The house she lived in looked familiar but the path that we used to get there was different from the last time I had been there. Now, I guess I had been there before in my dreams because neither she nor I had ever lived in a house even similar to this one. Anyway, it was an addition to a main house where a big tall man lived.

Mom walked in with no problem, but I had to actually lift Donovan up so he could walk through the door. Once they were in the threshold seemed to get even higher. For some reason I wondered if that meant that where ever Donovan and my mom were going that I wasn't supposed to go. I was about to burst into tears when I noticed the tall man standing in the other doorway. He was just staring at me. I don't know what was going on with Mom's doorway, but I had to back up, take off running and jump into her side of the house. I went over that threshold like I was jumping a fence. How weird was that?

I didn't get to see what mom's house looked like on the inside because I woke up (figures). I do remember looking at her and pointing next door and mouthing that dude was crazy. Mom seemed to get scared when I said that and told me not to say it again.

Now, my head is hurting more than it was yesterday. I remember Donovan crying out in his sleep but when I looked over at him he seemed to be okay. (Shaking my head) I hate to think that something would happen to my son, now or in the future. He's just a baby, only three years old. I mean I had my mom for more than 20 years. She was living kind of foul so I knew when I was about 13 years old that she wouldn't live long, but my baby. I don't want to think about him dying. He's perfectly healthy and has more energy than any child I've ever encountered. He's a lot smarter than I was at 3 years old. I just don't know what I would do, how I would be able to function.

I guess I'm having all of these thoughts because next month, February 7th is the 14th anniversary of the day we buried my mother. She was 35 years old when she died, her birthday was August 11th. February 25, 2011 is my 35th birthday. This right here...

Life is too short, especially if we make wrong decisions that could cause us not to live a long life. Her thing was using drugs and fighting with men. My thing is stressing over my job and not taking care of my body. If the Lord says the same, I will make it to 36 years old and beyond. And I'm praying that my son lives to be 103, but in good health, lifting weights and running marathons.

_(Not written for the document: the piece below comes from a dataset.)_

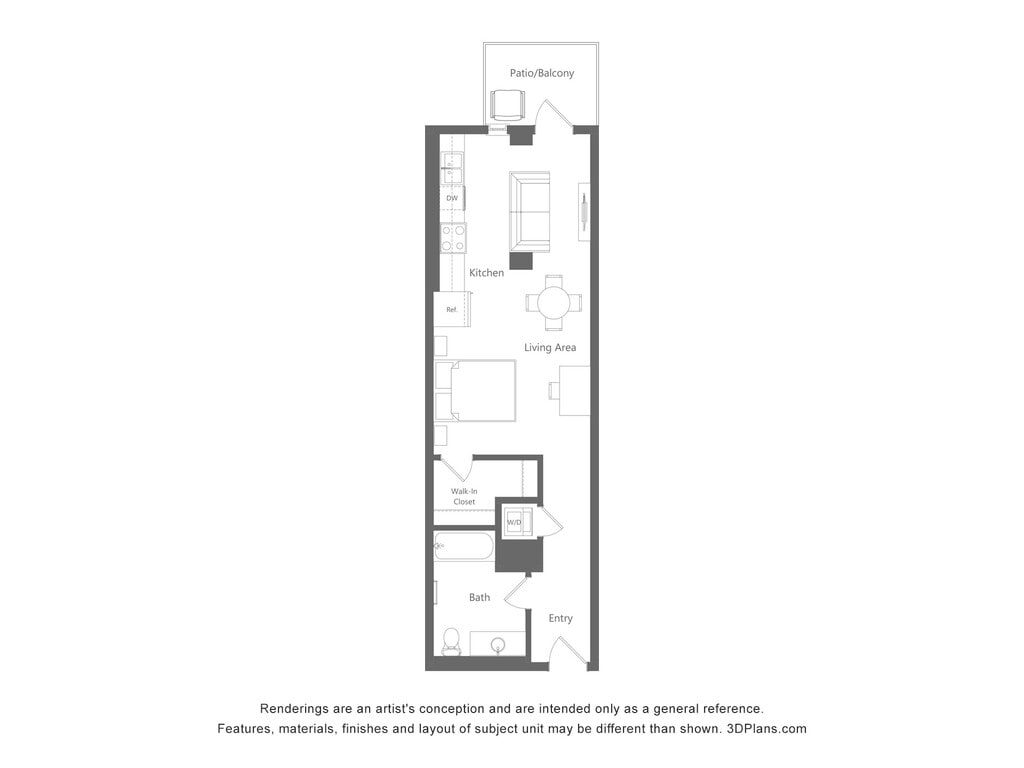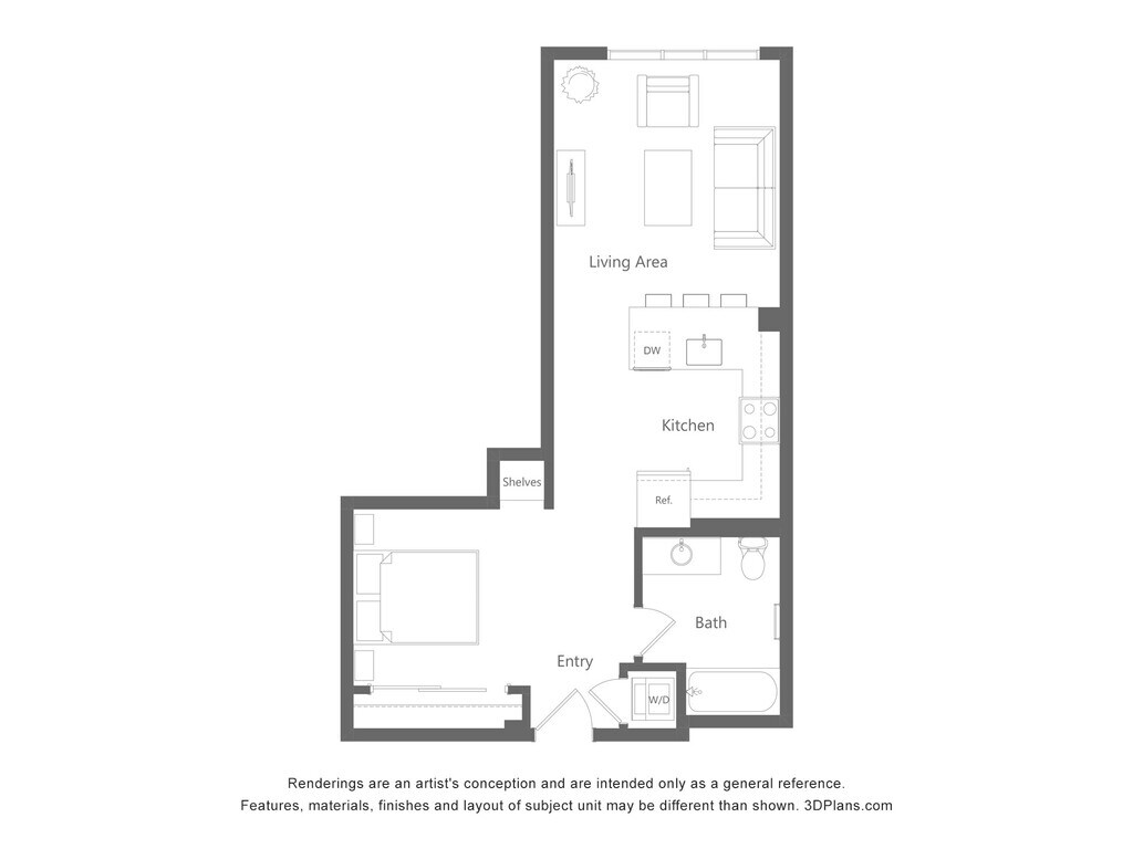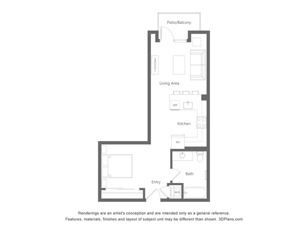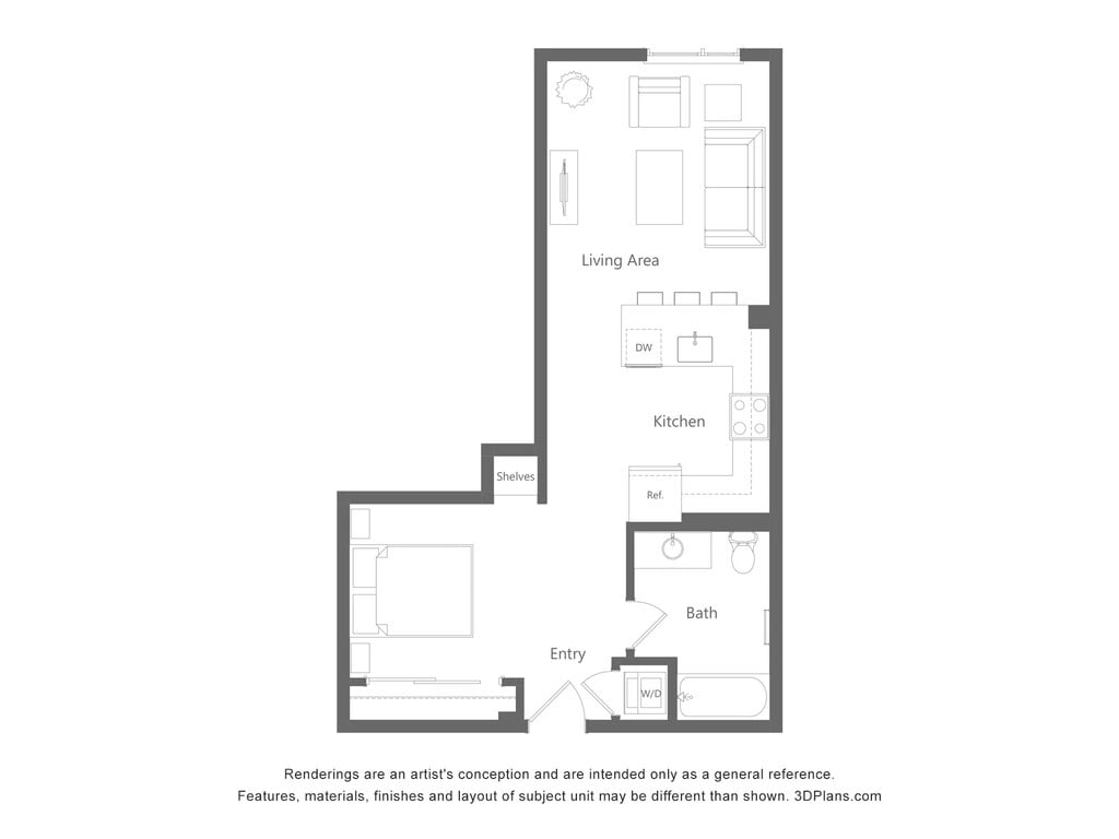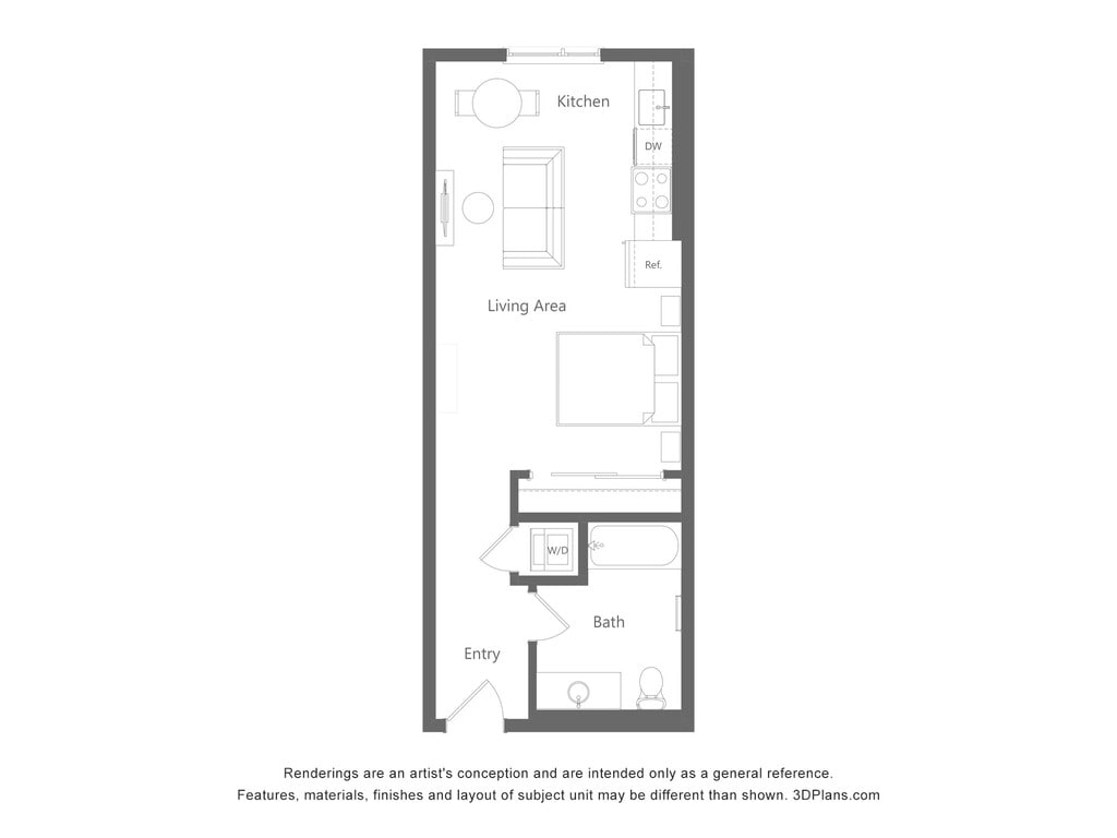 Studio, 1 Bath, 617 sq ftAvailable NowModel Gallery

Tuesday, November 10, 2009

What Doesn't Kill Me Will Go in My Next Story

I was having a half-way decent day, thinking about my word count and how I was going to make up for yesterday. Unfortunately when I got home all of that flew out the window. I found my TV converter box, microwave and my son’s radio missing. The dressers had been riffled through in both our rooms, but I only had about five dollars in the house so that wasn’t a big deal. When I got to my office, I saw what had happened. My back door was open. Now this same door has been impossible to open since August but I guess the maintenance man forced it open and then opened the storm door to do what he had to do. My landlord said that she would replace my items. Good thing I was paranoid and took my laptop with me for the last two days, I would have had a harder time getting that replaced I’m sure.

After all of this, the maintenance guy still has to come back tomorrow. Thank God and the federal government for federal holidays, because D and I are going to be here monitoring the goings on. Even if I didn’t have the day off, I would have taken the day off. I’ve just got this thing about still having stuff to move when I get ready to move, I’m just funny like that. D is like a guard dog, he watches everything. And he will bust you out, “Mama, what man doing? Man break thang.” That’s my boy.

Since I’m off tomorrow, I will try my best to get back on track. Like my title implies, I may use my dilemma in my story. So don’t be surprised if my private detective has a fit about somebody breaking into her office.